Believe it or not, I used to be smart. Really smart. I used to write 150 page papers on the Depiction of the Tree of Knowledge of Good and Evil in the works of John Milton and William Blake. I took my entire Freshman year of college while attending my senior year of High School and never got anything below an A-. In fact, in my entire college career I only got one B. That was in Bowling. Which is embarrassing for so many reasons.
But, lest you think me braggadocios (can you tell I pulled that one out of my pre-baby brain archives?), let me make my point clear. I was book smart and a good studier and I had it all together. Once upon a time. But that was a veeeerrrrryyy long time ago.
I am thoroughly convinced I passed a significant portion of my brain to my oldest child. I think she absorbed what ever "smarts" I had. Because now, I'm not entirely convinced I even have a brain some days.
Now, I'm lucky to remember my kids' names on a regular basis. I have been known to completely forget about laundry sitting in the washer for so long that it has spoiled and I have had to wash it twice. Maybe even three times. I can't spell
I used to be smart and now I'm just...not. I'm kind of like a ditzy version of Lucille Ball.
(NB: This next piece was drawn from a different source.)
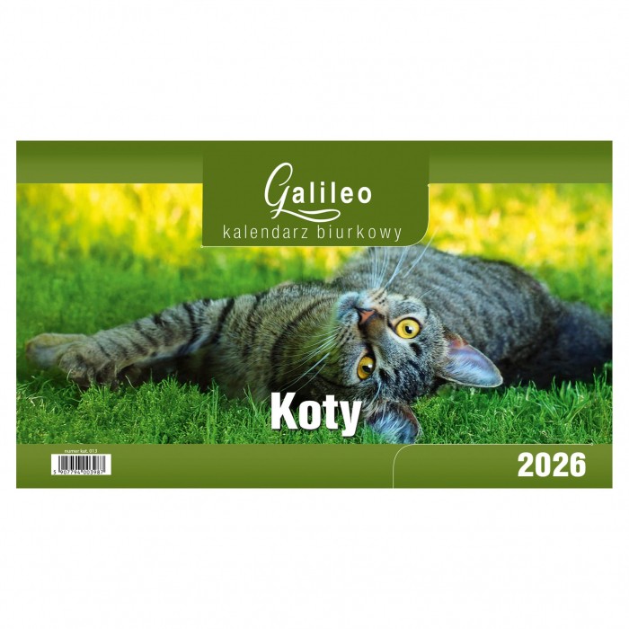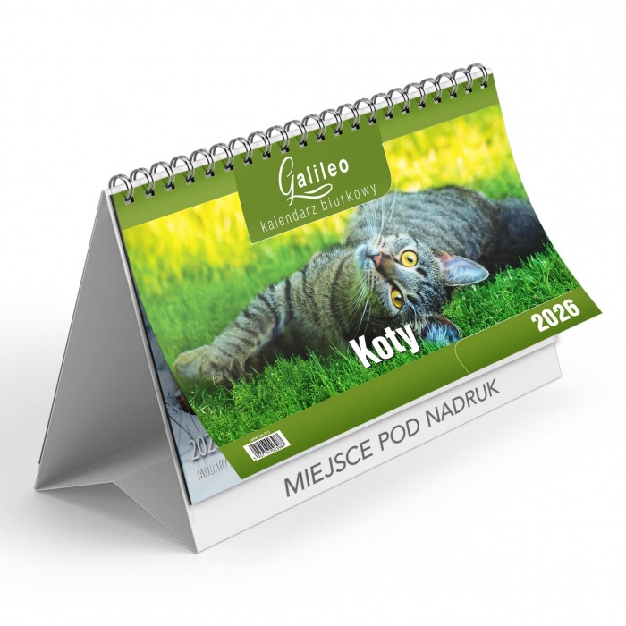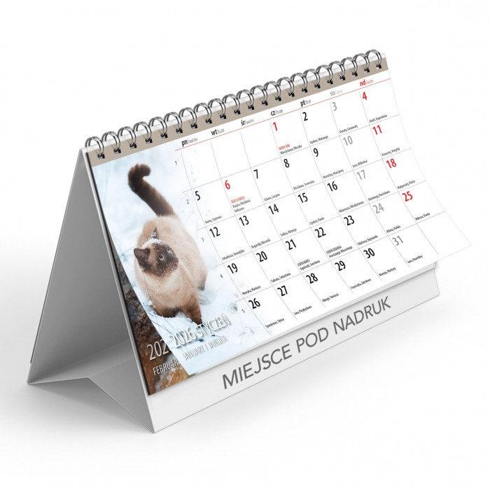 Kalendarz biurkowy, stojący, w układzie miesięcznym.

Which is a really scary statement to make. But, want another truth? I'm thinking I might actually like it that way. 'Cause now I have a well-developed sense of humor about myself. Something that I think is even more valuable to me at this point than a well-developed brain...
1 comment:
Oh how I can relate. English used to be my strength in college and high school and I can never remember where to put a comma and I misspell the easy words now.
My kids have been heard saying, "Mom! How can you mix up the names of your own KIDS!?"